**Exercise requirements**
Please keep pictures out of the copy, and print exactly the lines from the one containing "Regarding the destination" through the end of the records.

**Information**
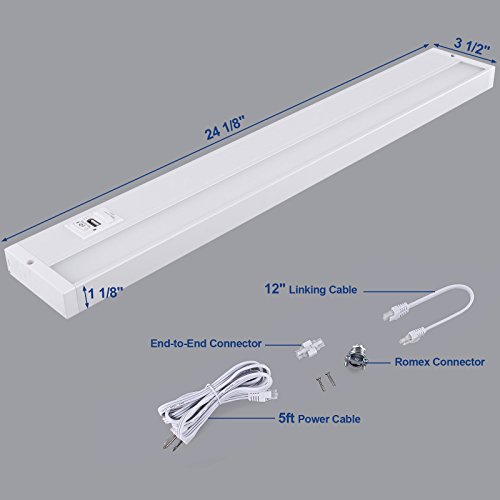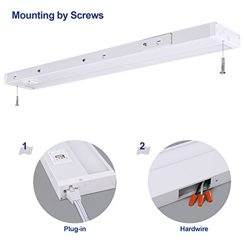 Installation is quite straightforward as each fixture only need 2 screws to fix it to the underside of the cabinet. Simply plug the light fixture to a power supply with 5ft 3-grounded power cable or hardwire it to a wall switch for convenient control, and you can expand one or more fixtures with end-to-end connector or use the 12'' linking cable to spread them out, all accessories included.
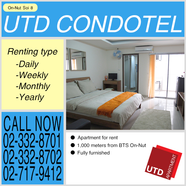 ให้เช่าคอนโดโครงการ UTD Apartment on-nut soi8- 10000 ต่อเดือน ติดต่อคุณ kan
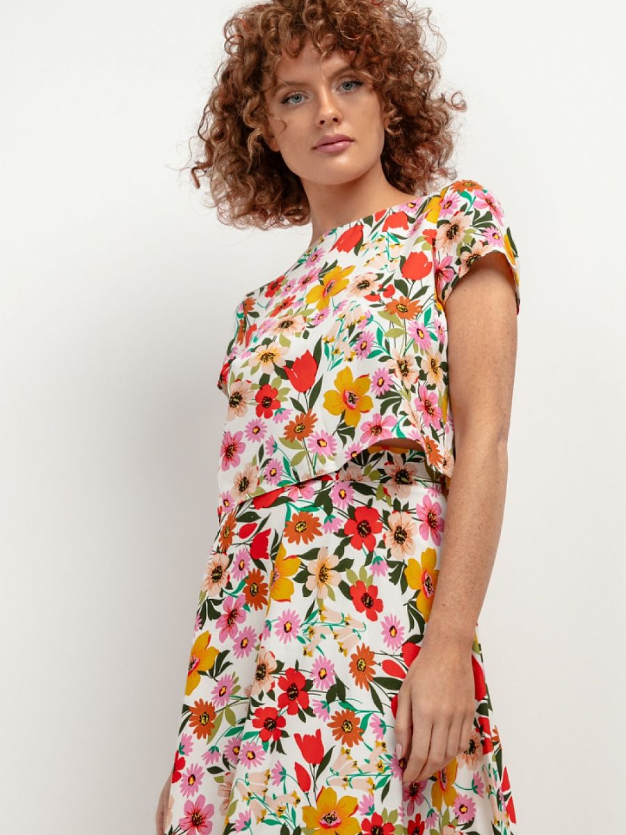 Bluzka Model T408 Kwiaty na białym tle – Tessita
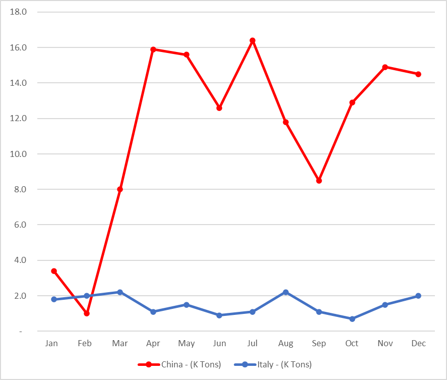 Regarding the destination of the peanut oil, Chine decrease its imports very slightly, while Italy increased in similar amounts.
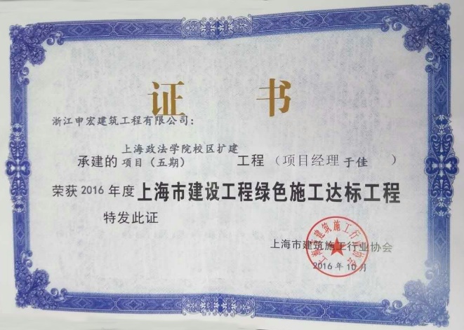 总包单位于2016年9月中旬向市主管部门申报了“绿色工地”,上海市建筑施工行业协会专家于9月底进行了现场检查,经过资料审核、现场考核、专家评审等多个环节评选后,最终,学校扩建五期项目被评为“市建设工程绿色施工达标工程”。(潘高荣 撰稿)

**Answer to this task**
 Regarding the destination of the peanut oil, Chine decrease its imports very slightly, while Italy increased in similar amounts.
 总包单位于2016年9月中旬向市主管部门申报了“绿色工地”,上海市建筑施工行业协会专家于9月底进行了现场检查,经过资料审核、现场考核、专家评审等多个环节评选后,最终,学校扩建五期项目被评为“市建设工程绿色施工达标工程”。(潘高荣 撰稿)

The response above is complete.